Over the next few weeks, I continued to study these strange people as I let them into the club and James became something of a friend. Which was nice, because it made the hours go by much faster. He would ask me easy questions like what did I want to study and what kind of girls did I like and what did I enjoy doing when I wasn’t working and the answer was invariably “I don’t know.” Because I thought that was the real answer. But talking with James was a kind of therapy, in a way, and a lot of those nights, I would come up with a real answer before the night was over, and it made me feel like a real fleshed-out human being instead of just an outline, or a formless cloud of concepts and morals and dysfunctions and regrets that didn’t cohere into anything and probably never would. We would take the same breaks and during that half hour the people who wanted to get in would just have to wait, and I got the idea that any chance I had at becoming a functional adult was tied up in this strange bouncer who had been a hundred other things as well and his wise counsel. He knew things I didn’t.

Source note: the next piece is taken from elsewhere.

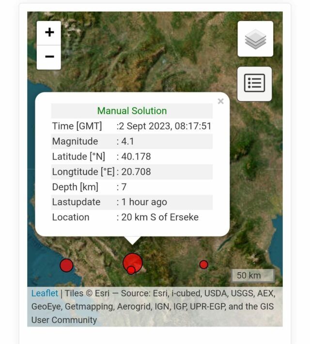 Moreover, the earthquake had its epicenter 20 kilometers away from the city of Erseka, where it was felt the most.

There was a bartender there, named Lindsay or Lynsey or something. We’ll say Lindsay. Anyway, this Lindsay girl—it was pretty clear that she took a shine to me. She was OK, I guess. We’d chat in the break room when were in there at the same time and she would try a little too hard and I would make things more difficult by not really trying at all, because I was at a point in my life where I didn’t really go out looking for anything, because I was waiting to be inspired.

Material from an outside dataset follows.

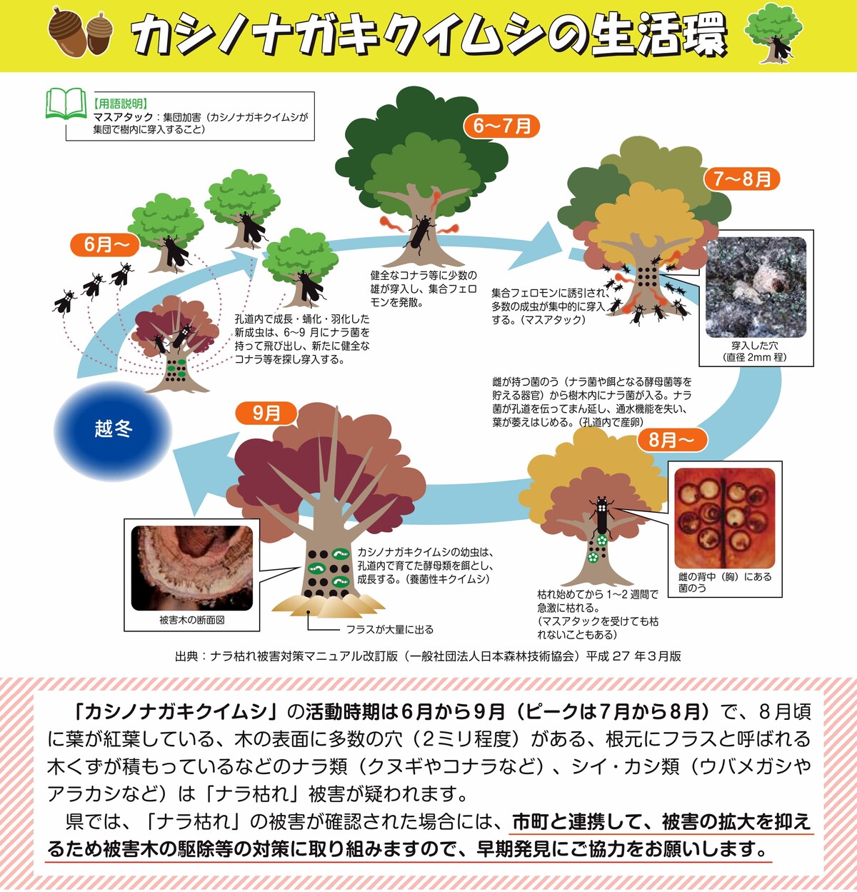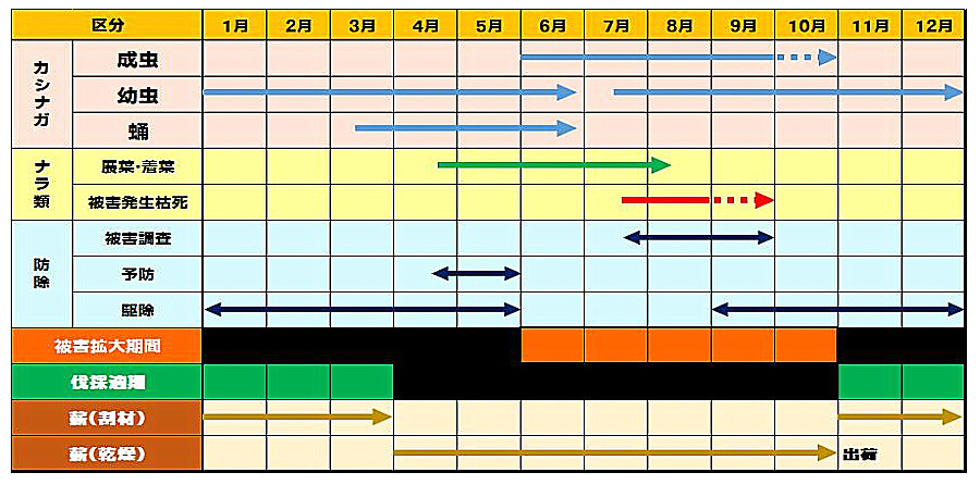 森林病害虫等防除法(1950年法律第53号)による法定害虫で県市町が連携して防除。

James saw all this, of course, and encouraged me to ask her out sometime. I told him I didn’t think I would be doing that.

“Why not?” he asked.

“I don’t know,” was my answer. “Why should I?” As if his question and mine were equal propositions.

“I can’t tell you why you should. But I do know that there are about a million reasons, even if I couldn’t name them. And you’ll never know what they are either, until you actually do it. But I do know there are a million reasons to spend a night with anyone on the planet.” A woman in her thirties wearing a skirt that covered nothing was throwing up on the far side of the parking lot. A stranger stood a few feet away, waiting to escort her to his car.

“She just doesn’t interest me,” I told him.

So what interests you, if it’s not other people?”

I didn’t want to say “I don’t know” again, so I tried to come up with a stupid answer. “The infinity of the universe,” I said, even though I'd never really thought about that either, and it's kind of dull to consider, I think.

“The universe isn’t infinite,” James said matter-of-factly, “and even if it is, it doesn’t really matter because you’re stuck here on earth. The good thing is there's enough of them to make the rest of the universe entirely superfluous. Infinity is other people.”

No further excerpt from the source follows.